> [PROVIDED RECORDS]
============================================================

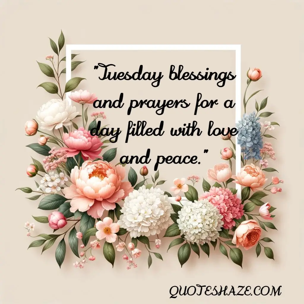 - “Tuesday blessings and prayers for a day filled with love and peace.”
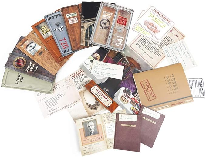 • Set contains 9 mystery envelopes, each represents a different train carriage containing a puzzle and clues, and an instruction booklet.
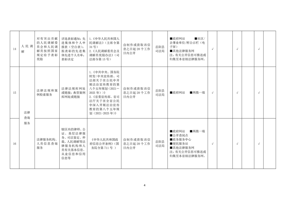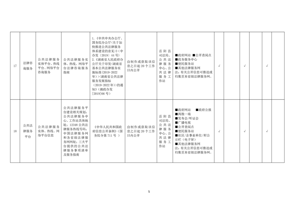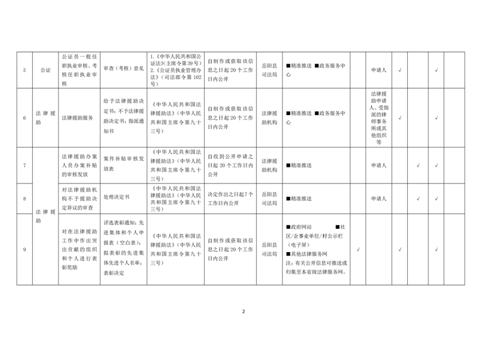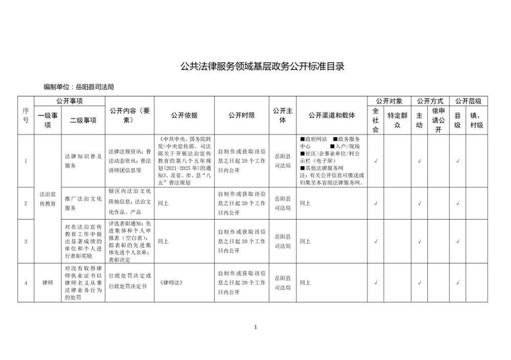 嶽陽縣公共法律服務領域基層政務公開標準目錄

============================================================

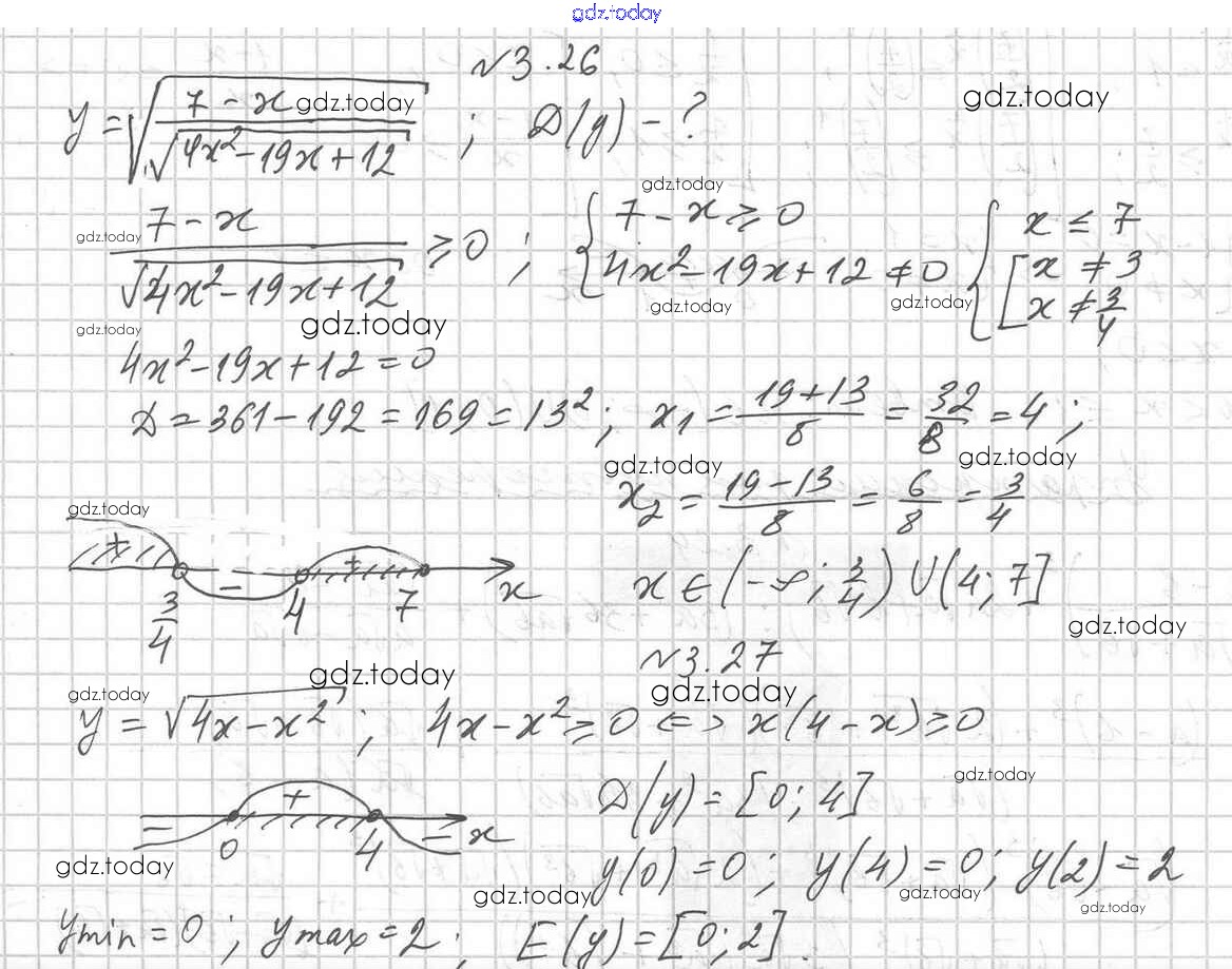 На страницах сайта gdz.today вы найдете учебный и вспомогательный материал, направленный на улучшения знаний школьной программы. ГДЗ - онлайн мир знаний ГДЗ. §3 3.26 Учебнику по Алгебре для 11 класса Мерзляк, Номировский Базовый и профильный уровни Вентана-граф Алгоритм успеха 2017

============================================================

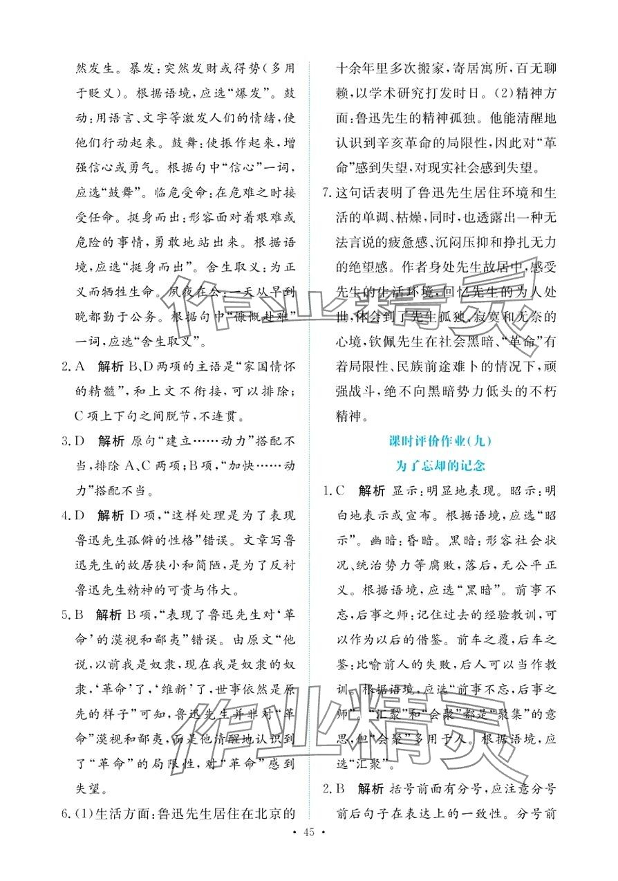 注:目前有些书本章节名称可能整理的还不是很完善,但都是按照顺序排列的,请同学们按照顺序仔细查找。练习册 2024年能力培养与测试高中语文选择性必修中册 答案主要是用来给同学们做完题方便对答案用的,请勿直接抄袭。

============================================================

> [TASK PROMPT]
Only the lines of the listing above from the one with "blessings and prayers" through the one with "嶽陽縣公共法律服務領域基層政務公開標準目錄" should be output, exactly, with both ends kept and pictures left out.

> [RESULT]
 - “Tuesday blessings and prayers for a day filled with love and peace.”
 • Set contains 9 mystery envelopes, each represents a different train carriage containing a puzzle and clues, and an instruction booklet.
 嶽陽縣公共法律服務領域基層政務公開標準目錄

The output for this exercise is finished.